(these photos are a collaboration between my little bro and me.
I can't claim them for myself, but I got her to make the smiles).
She giggles so much lately. It's the best to see her happy smile.
She still loves her some Blue's Clue's.
Blue, and Steve are always getting kisses. Lucky's!!! I think she likes it because Steve and Joe talk to her. Oh and there's a dog, and Leighton loves Dogs.
She had her 1 year check up, and her doctor is so pleased....well except the fact she is "over weight" Umm isn't she a baby, and one going into surgery? So why am I supposed to be worrying about that right now? I want her plump for surgery, it's kind of my goal here! Especially since you just had informed me they will probably want her in your office for weight check post op!
She had her first speech therapy appointment, and she actually babbled for her. It was like she knew she was supposed to show her what she could do. When they come she always bangs her toys together and looks and them like "see me bang toys, good eh?" she doesn't bang toys much anymore, unless she is playing her xylophone. It's like she wants them to know she's doing what they want her to do, and they're free to be on there way now.

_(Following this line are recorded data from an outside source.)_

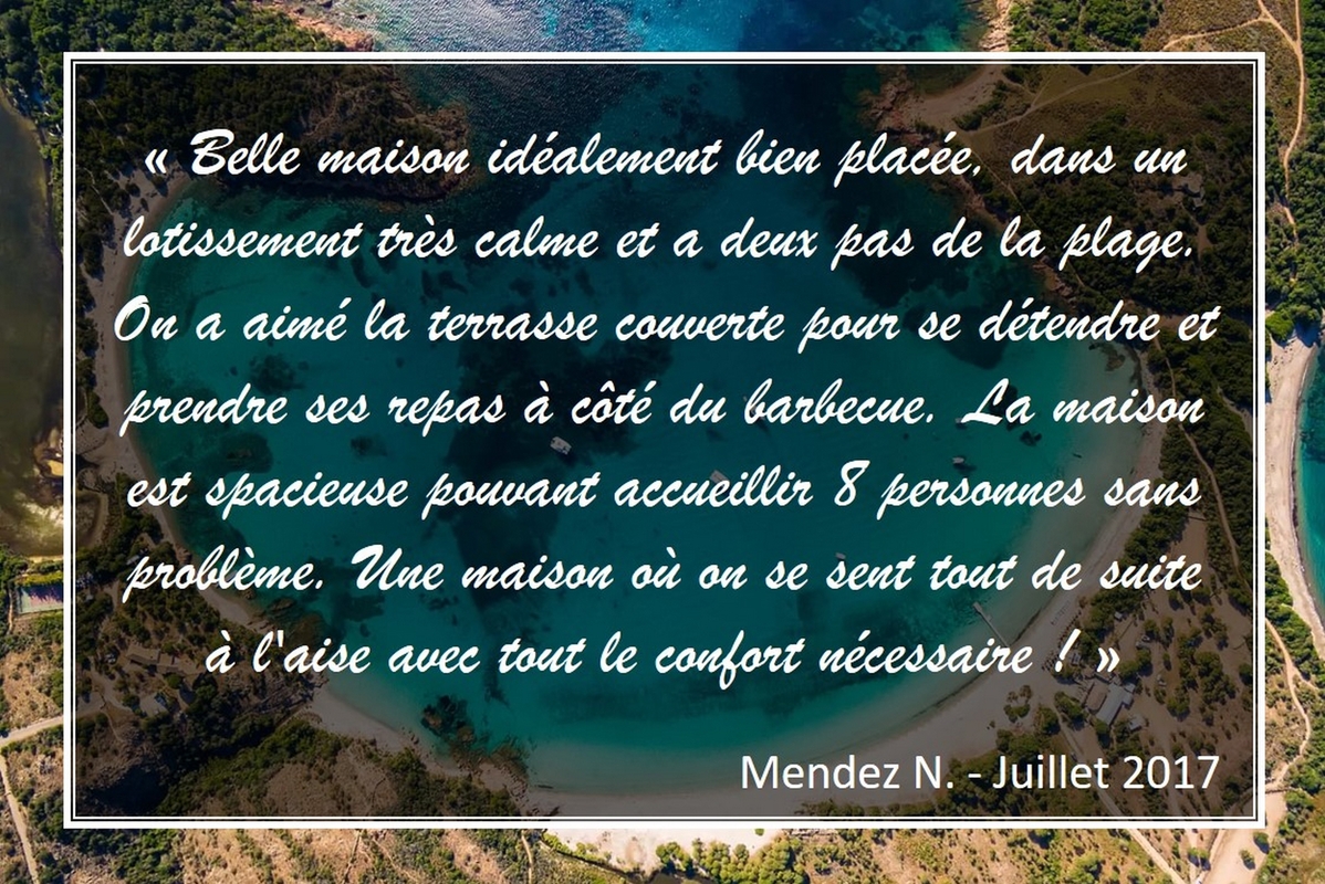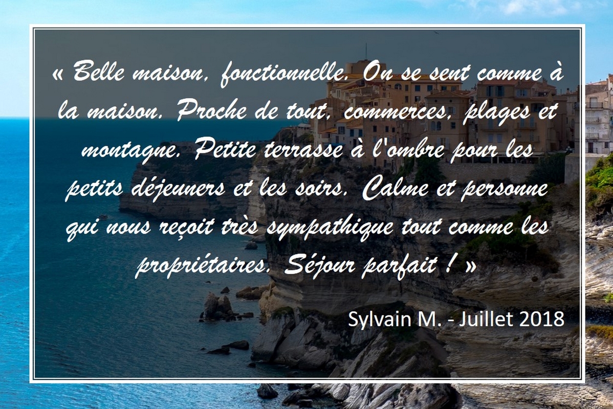 À un pas de la mer et de la plage, « Occimara » n’attend que vous pour de délicieuses vacances sur l’Ile de Beauté avec ses quatre chambres climatisées et des espaces communs conviviaux parfaitement équipés pour passer de bons moments avec jeux de société, livres, TV, documentation touristique, DVD, cheminée…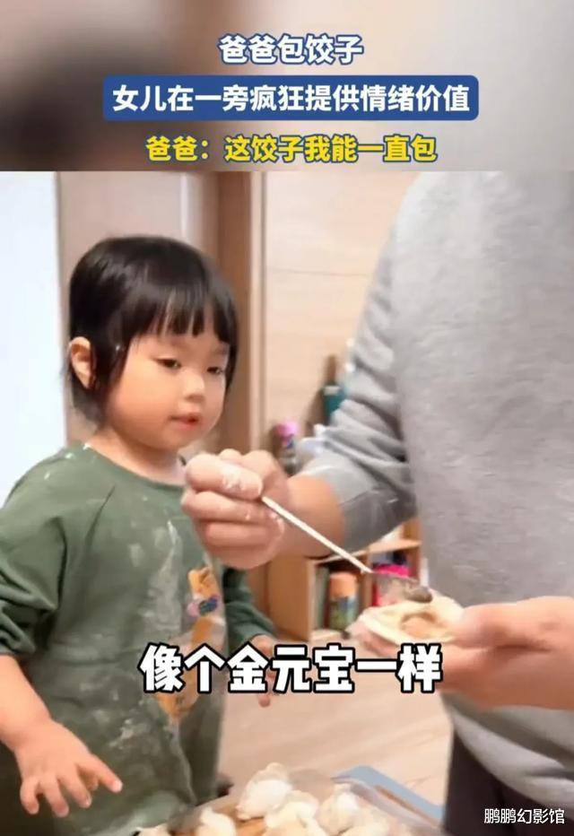 闺女帮忙擀皮,上衣沾满白面,却异常专注。见爸爸包饺子手法娴熟,饺子形态可爱,她忍不住夸赞:“这像金元宝,您要发财啦!”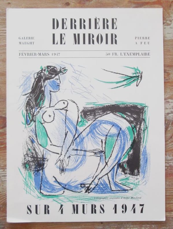Galerie Maeght, Paris : Éditions Pierre à feu: Derrière Le Miroir n°2, deuxième édition - "Sur 4 murs 1947" édité en 1947 pour accompagner l'exposition MARCHAND à la Galerie Maeght, au format 38 x 27,5 cm. Textes originaux de SEUPHOR, GUILLY et KOBER. 8 pages avec 6 illustrations en lithographie originale de André Marchand Très bon état

I don't know how "pleased" her therapist are. They say she's a rockstar, but when they leave I always have extreme mommy guilt. Like I'm failing to do what she needs. I just hate to think about therapy all the time, and now I feel like I always have to be like OHHHH, TAH TAH because mama dada bahbah aren't enough and every time she wants something we need to be signing "you want" and am I saying it "authoritive" enough? Then there's physical therapy, and she's doing all her exercises pretty great just waiting on her to decide to do them on her own, oh and maybe I'm not pushing her enough? Then am I putting her spoon in her mouth the correct way or am I encouraging her tongue to thrust? I thought it was awesome she was clapping, and could drink from a straw right on time, she also points and imitates some things (clapping and fake laughing) but it feels like it isn't ever enough. There's always a new goal, and to be honest therapy kind of sucks because it makes you feel like your a failure as a mother. It's really like 3 hours of why you suck as her parent. Am I the only one who comes away from it feeling like this sometimes?
We'll keep trudging through though because it's important. I really am thankful for therapy too, and I promise to change my attitude. It's not that big of a deal really. Just a little venting on the week.